» **What to work on**: Read through the listing below, and copy every line where the string "Yellow" appears.

++++ The records ++++

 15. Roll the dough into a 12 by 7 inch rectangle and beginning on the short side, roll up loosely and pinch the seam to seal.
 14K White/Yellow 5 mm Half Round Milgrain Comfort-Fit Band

++++
++++ The records ++++

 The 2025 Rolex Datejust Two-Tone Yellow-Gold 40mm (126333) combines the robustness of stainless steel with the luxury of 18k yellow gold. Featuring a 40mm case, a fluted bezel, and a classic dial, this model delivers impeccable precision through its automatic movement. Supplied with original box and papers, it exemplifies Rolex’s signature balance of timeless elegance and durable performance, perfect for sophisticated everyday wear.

++++

» **Your response**:
 14K White/Yellow 5 mm Half Round Milgrain Comfort-Fit Band
 The 2025 Rolex Datejust Two-Tone Yellow-Gold 40mm (126333) combines the robustness of stainless steel with the luxury of 18k yellow gold. Featuring a 40mm case, a fluted bezel, and a classic dial, this model delivers impeccable precision through its automatic movement. Supplied with original box and papers, it exemplifies Rolex’s signature balance of timeless elegance and durable performance, perfect for sophisticated everyday wear.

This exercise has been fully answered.